A novel DC-dielectrophoresis (DEP) method employing a pressure-driven flow for the continuous separation of micro/nano-particles is presented in this paper. To generate the DEP force, a small voltage difference is applied to produce a non-uniformity of the electric field across a microchannel via a larger orifice of several hundred microns on one side of the channel wall and a smaller orifice of several hundred nanometers on the opposite channel wall. The particles experience a DEP force when they move with the flow through the vicinity of the small orifice, where the strongest electrical field gradient exists. Experiments were conducted to demonstrate the separation of 1 μm and 3 μm polystyrene particles by size by adjusting the applied electrical potentials. In order to separate smaller nanoparticles, the electrical conductivity of the suspending solution is adjusted so that the polystyrene nanoparticles of a given size experience positive DEP while the polystyrene nanoparticles of another size experience negative DEP. Using this method, the separation of 51 nm and 140 nm nanoparticles and the separation of 140 nm and 500 nm nanoparticles were demonstrated.
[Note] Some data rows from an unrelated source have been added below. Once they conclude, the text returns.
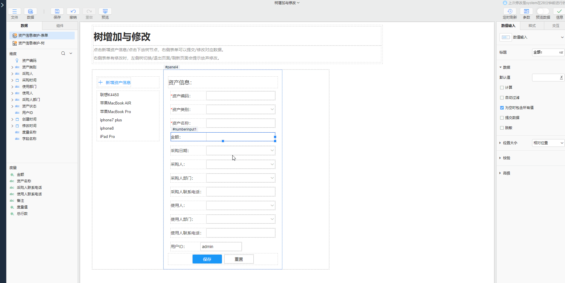 - 输入组件绑定字段:为文本输入组件绑定字段,使“资产名称”、“金额”等组件内容能够自动加载原数据
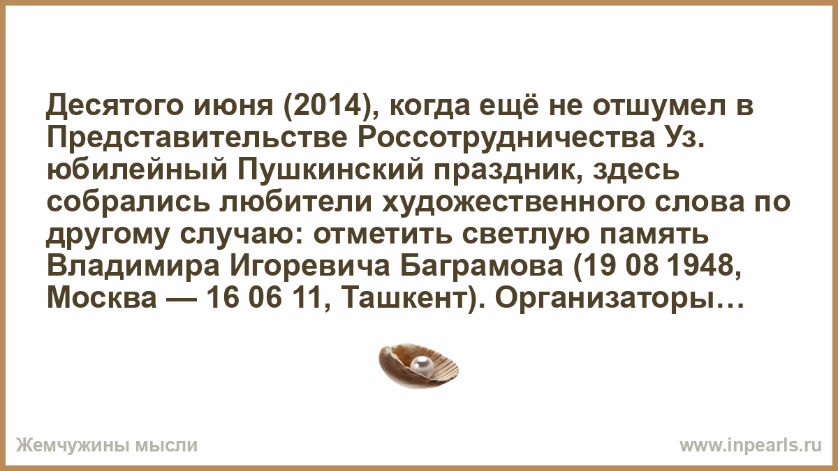 Десятого июня (2014), когда ещё не отшумел в Представительстве Россотрудничества Уз. юбилейный Пушкинский праздник, здесь собрались любители художественного слова по другому случаю: отметить светлую память Владимира Игоревича Баграмова (19 08 1948, Москва — 16 06 11, Ташкент). Организаторы музыкально-поэтического вечера — Арт-студия «Анхор» и Клуб авторской песни «Арча» сделали всё, чтобы донести до многочисленных слушателей многогранное творчество автора-исполнителя, писателя, поэта — в стихах и его авторских песнях, а также стихотворных посвящениях и воспоминаниях друзей.
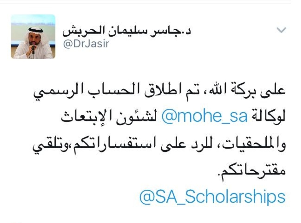 أعلن وكيل وزارة التعليم لشؤون البعثات والمشرف على الملحقيات الثقافية، الدكتور جاسر سليمان الحربش، عن إطلاق الحساب الرسمي في تويتر لشؤون الابتعاث والملحقيات الثقافية، وذلك للرد على جميع الاستفسارات وتلقي الاقتراحات.
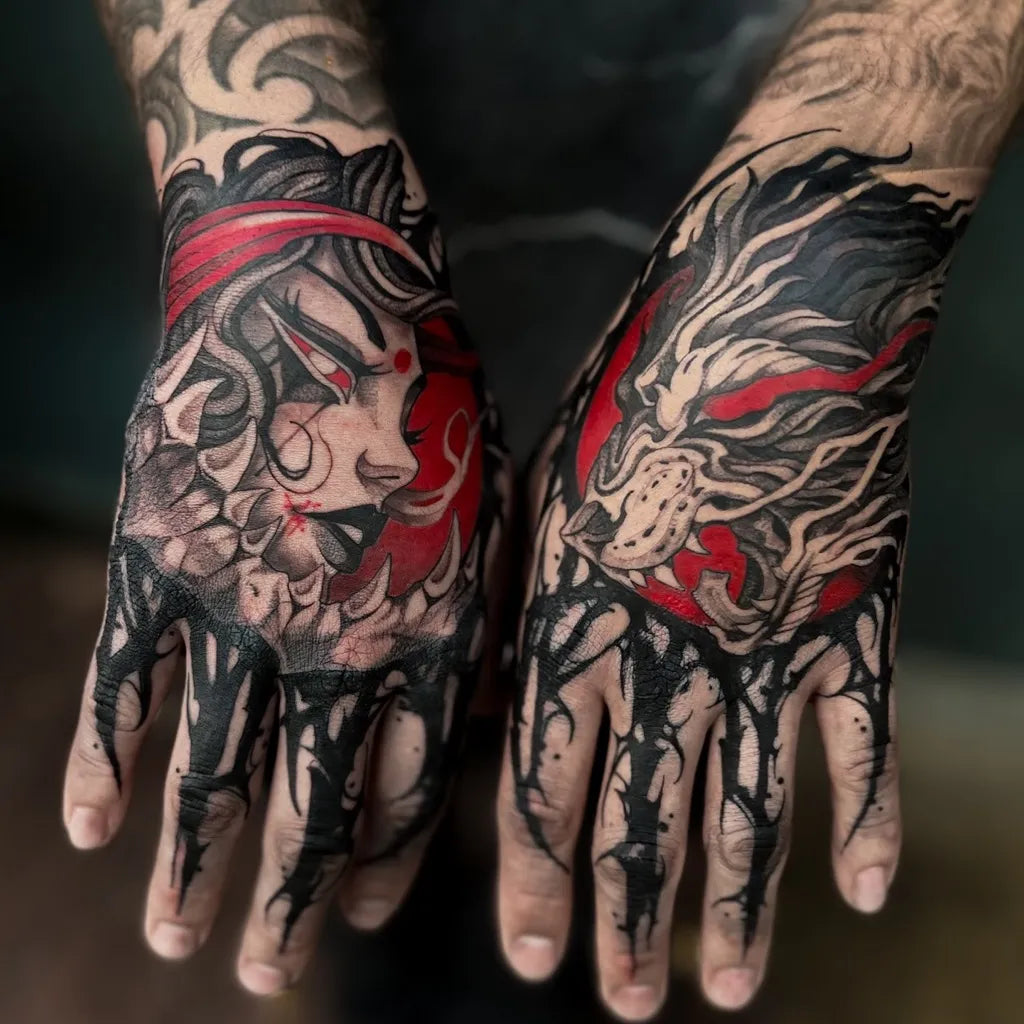Big Irezumi Wolf and Oni Woman on Men Hands Tattoo by @bocchink
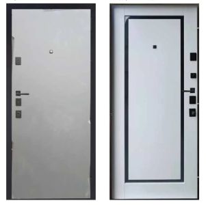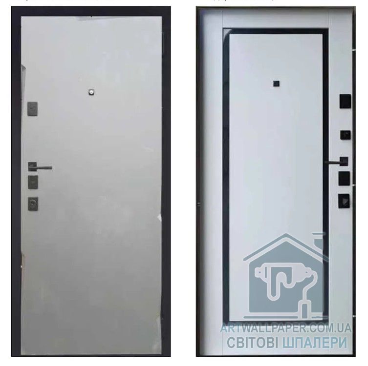 Двері вхідні, Тип-13 КВАРТИРА, Мусонне дерево софт.300 / Емаль Біла 639.1 Чорна Фурнітура 860 R RAL 9005, 153743
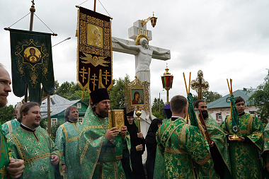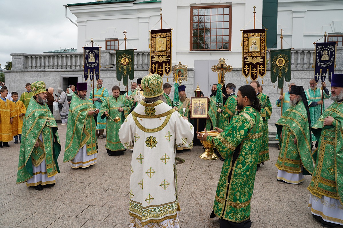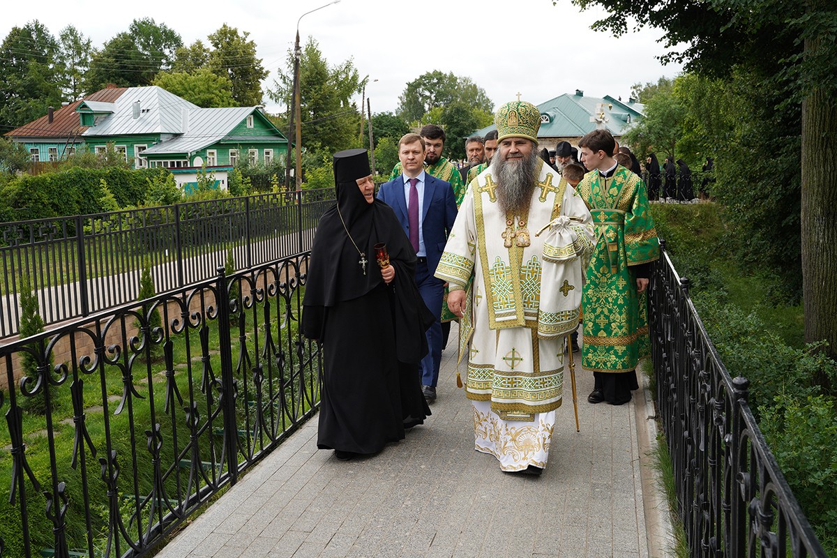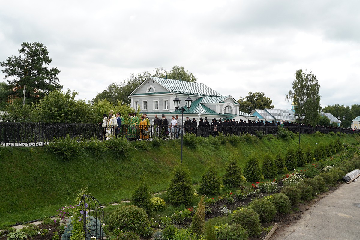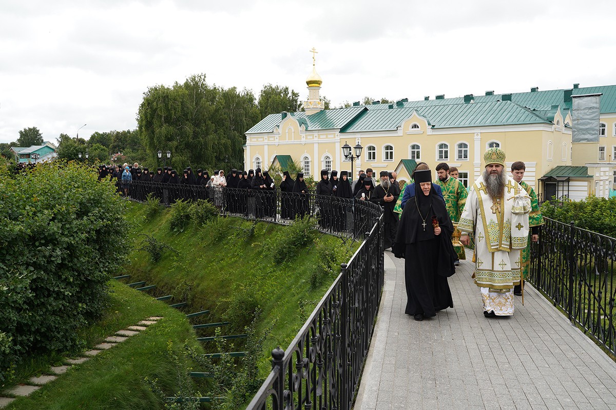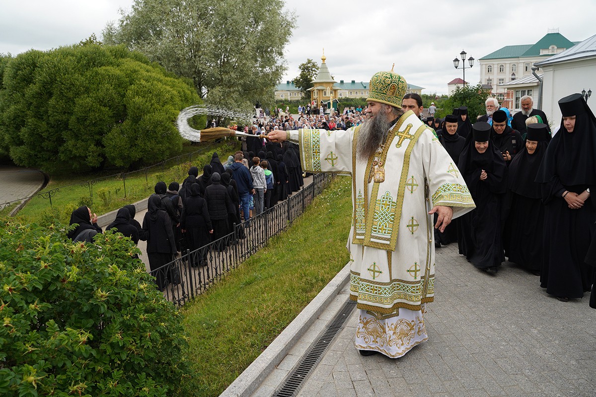 Затем митрополит Георгий с игуменией Сергией, насельницами обители и многочисленными богомольцами прошли крестным ходом по Святой Канавке Божией Матери.

In comparison with the microfluidic DC-DEP methods reported in the literature which utilize hurdles or obstacles to induce the non-uniformity of an electric field, a pair of asymmetrical orifices on the channel side walls is used in this method to generate a strong electrical field gradient and has advantages such as capability of separating nanoparticles, and locally applied lower electrical voltages to minimize the Joule heating effect.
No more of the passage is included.